The purpose of this study was to develop forensic science program for the improvement of scientific creative problem-solving abilities in gifted elementary-school students. A program that consists of six sessions (18 hours) is developed in accordance with the CPS model, which has been already proven effective for the improvement of creative problem-solving abilities. This program was applied to sixth-grade 18 gifted students in an elementary school in Gyeonggi province. Examinations of scientific creative problem-solving abilities were performed before and after applying the program in order to determine its effect on gifted elementary students. A qualitative analysis of students' activity sheets, peer assessment and teacher's class journal was made in order to examine the process of improvement of students' scientific creative problem-solving abilities. The results of this study are as follows: First, forensic science program to enhance the scientific creative problem-solving abilities of gifted students was developed. Second, forensic science program is significantly effective in the improvement of scientific creative problem-solving abilities of gifted children of elementary school (p<.05). Third, in early stage of the class, a student, who showed the highest range of change in pre and post tests, revealed the trend of responding in a short answer type.
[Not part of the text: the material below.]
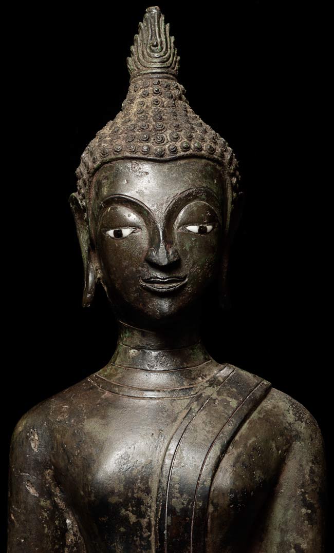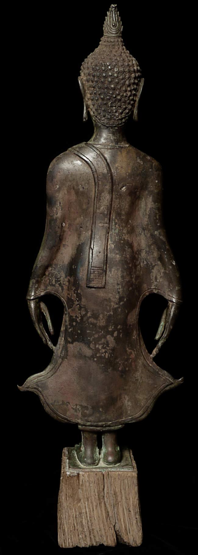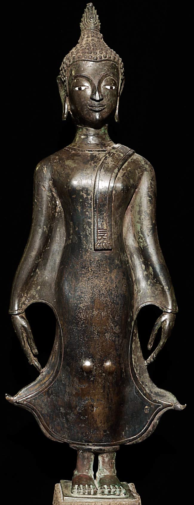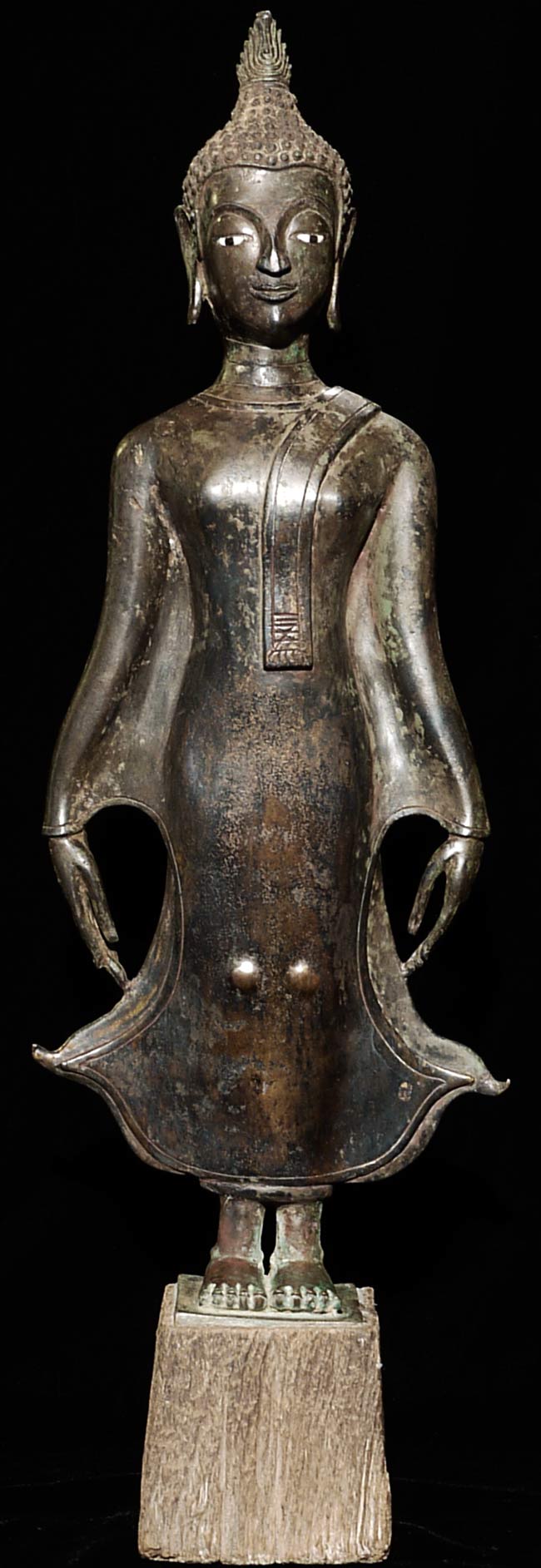 SUPERB large 16th century Northern Thai/Laos solid-cast standing Buddha. In the very distinctive Lanchang style, which is from an ancient kingdom which spanned parts of current Northern Thailand and Laos. This style of standing Buddha is quite rare to find in bronze from this early period-especially of this quality, condition, and size. I've never seen one for sale before. The vast majority of this style are much later, and made of wood. Note the finesse in the hands, the delicacy of the finial, and the sensitively modeled face. The eyes are quite old- may be original. There are traces of black lacquer and gilding in the hair as well as in a few other spots. 19.5" tall, and is attached to a wooden base that is 3.5" tall x 3.75" square for a total of 23 inches tall. Appox 20 pounds. Very special.

In the late stage of the class, he revealed the capability of producing various creative ideas promptly. On the other hand, students belonging to the upper group of both pre and post test revealed the improvement of divergent thinking skills such as fluency, flexibility, and originality. Fourth, after class, the students responded that the forensic science program developed in this study intrigued the interests and curiosities, and helped them break away from fixed ideas.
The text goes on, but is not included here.